Naturalmente. Se habían escacharrado todos los relojes. Hasta se le había quedado sin cuerda el de bolsillo. Como era tan víctima de los tiempos modernos como cualquier hijo de vecino, se había olvidado de dársela. Kurtz, cuyo sentido del tiempo nunca había dejado que desear en cuanto a precisión, intuyó que eran sobre las nueve; o sea, que le había durado unas dos horas el sueñecito. No era mucho, pero tampoco necesitaba mucho. Se encontraba mejor; bastante bien, en todo caso, para notarle a Freddy la preocupación en la voz.

— ¿Qué te pasa, chavalote?

—Dice Pearly que ahora ya no tiene contacto con ninguno. Dice que el último era Owen, y que ahora tampoco le recibe. Dice que Owen debe de haber rechazado el hongo de Ripley, señor.
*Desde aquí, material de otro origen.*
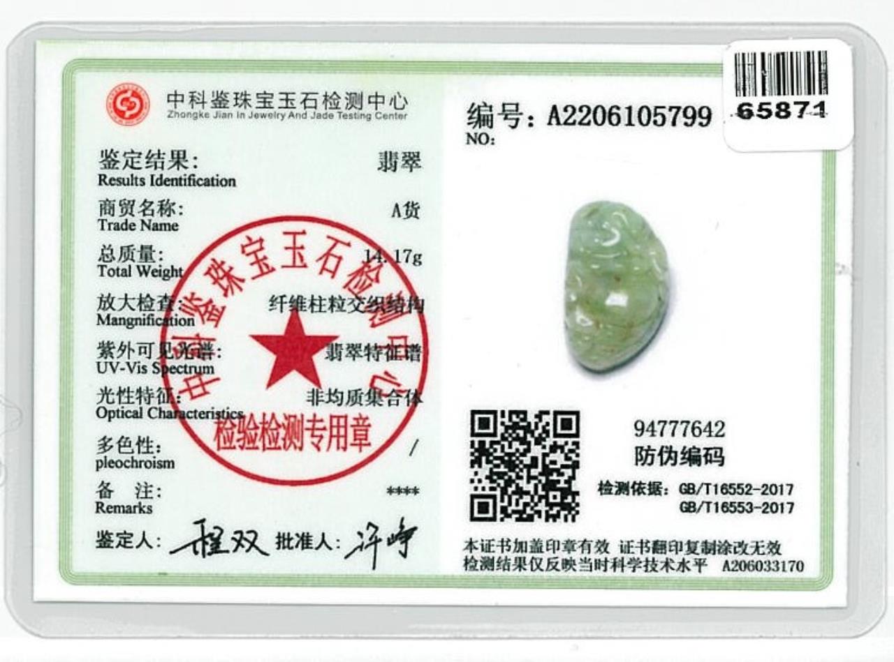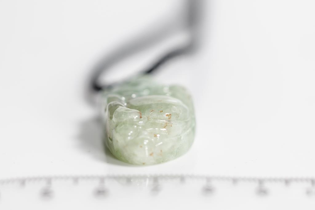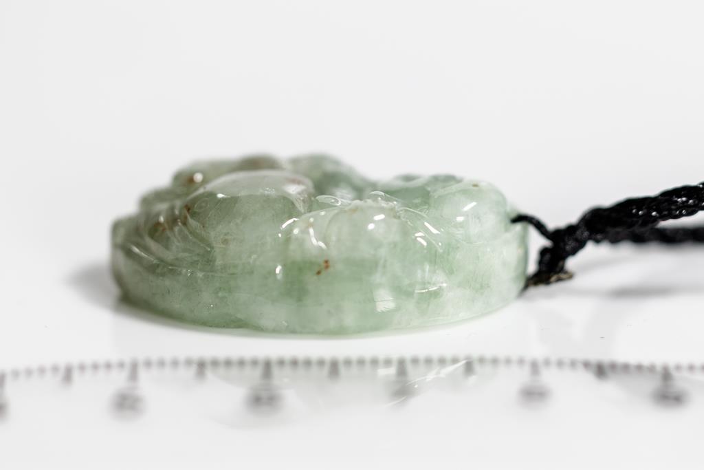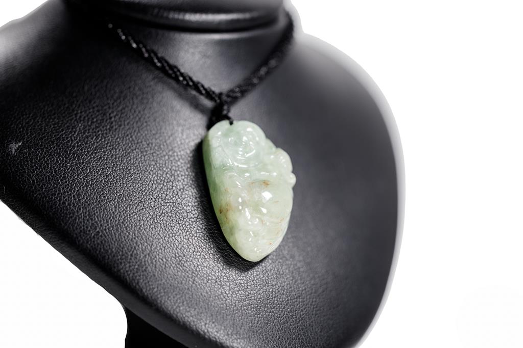 1843 Natural Jade Pendant carved with a lying Buddha. Light green Jadeite, Type A. Weight 15g. With gem report. On cord, adjustable Length 44cm. (Pre-owned)

Kurtz, de reojo y por el retrovisor, vio la mueca de burla de Perlmutter, como diciendo: «Os he engañado.»

— ¿Qué pides, Archie?

—Nada —dijo Pearly, con tono bastante más lúcido que antes de la cabezadita de Kurtz—. Aunque... es verdad que me iría bien beber un poco de agua. Hambre no tengo, pero...

—Supongo que se podría hacer una paradita —dijo Kurtz—; eso si tuviéramos contacto, porque si les hemos perdido a todos, tanto al que se llama Jones como a Owen y Devlin... Tú ya me conoces, chavalote: me moriré mordiendo, y hasta entonces harán falta dos cirujanos y un tiro para que abra la boca. Te espera un día largo y de mucha sed, porque Freddy y yo vamos a tener que buscarle por todas las carreteras que van al sur. Menos si nos ayudas, Archie; entonces le ordenaré a Freddy que se meta por la primera salida y entraré personalmente en el primer súper de carretera para comprarte la botella más grande de agua mineral que tengan en la nevera. ¿A que te apetecería?
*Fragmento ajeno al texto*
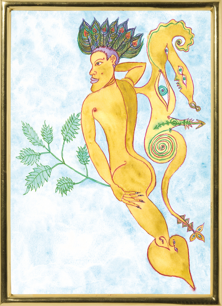 Tutto è elegantemente calligrafico, esotizzante di arzigogoli. Gli arti dei ragazzi ritratti si metamorfizzano in zampe di Ganesha, in uova dorate, in foglie di ontano, in code di tritone. Anche il fiore sensuale dell’Alam Jiwa, da cui l’esposizione prende il titolo e di cui Ontani adorna una serie unitaria di 18 acquerelli, è trasfigurazione di se stesso. […]
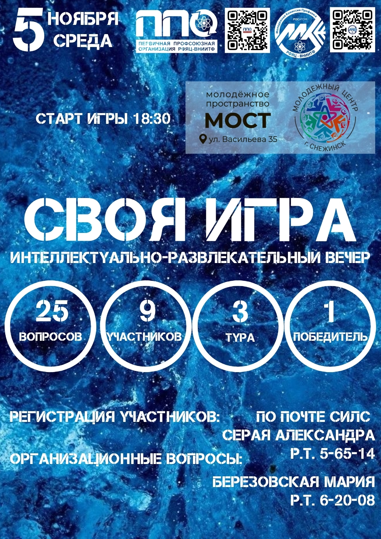Хочешь провести вечер среды увлекательно и интеллектуально? Молодёжная Комиссия ППО РФЯЦ-ВНИИТФ приглашает всех желающих разогнать осеннюю хандру и поучаствовать в увлекательной разработанной игре по мотивам популярной телепередачи!
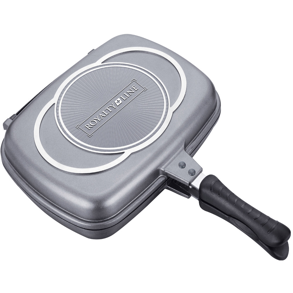 Αντικολλητικό διπλό τηγάνι 34εκ. ασημί χρώμα, Royalty Line RL-DF34M-SIL

Kurtz notó que sí en que Perlmutter se mojó los labios, primero por dentro y luego sacando la lengua (el Ripley de sus labios y mejillas seguía igual de lozano, con mayoría de manchas de color rojo claro y otras más vinosas), pero volvió a verle cara de travieso. Movía mucho los ojos, con costras de Ripley en los bordes. De repente Kurtz comprendió la situación: el pobre Pearly había enloquecido. Nada como un loco, quizá, para reconocer a otro.

—Juro por Dios que le he dicho la verdad. Ya no tengo contacto con nadie.

Archie, sin embargo, se puso un dedo al lado de la nariz y volvió a mirar el retrovisor con cara de picaro.

—Yo creo que si les cogemos tendrás bastantes posibilidades de curarte, nene. —Kurtz lo dijo con el tono más seco de su repertorio, tono de pura constatación—. ¿Bueno, qué? ¿A cuál sigues recibiendo? ¿A Jonesy? ¿O al nuevo, Duddits?

—No, a ese no. A ninguno.

Pero el dedo paralelo a la nariz, la cara de travieso...

—Dímelo y te doy agua —dijo Kurtz—. Como sigas tocándome los huevos, te pego un tiro y te suelto en la nieve. Venga, léeme el coco y dime que es mentira.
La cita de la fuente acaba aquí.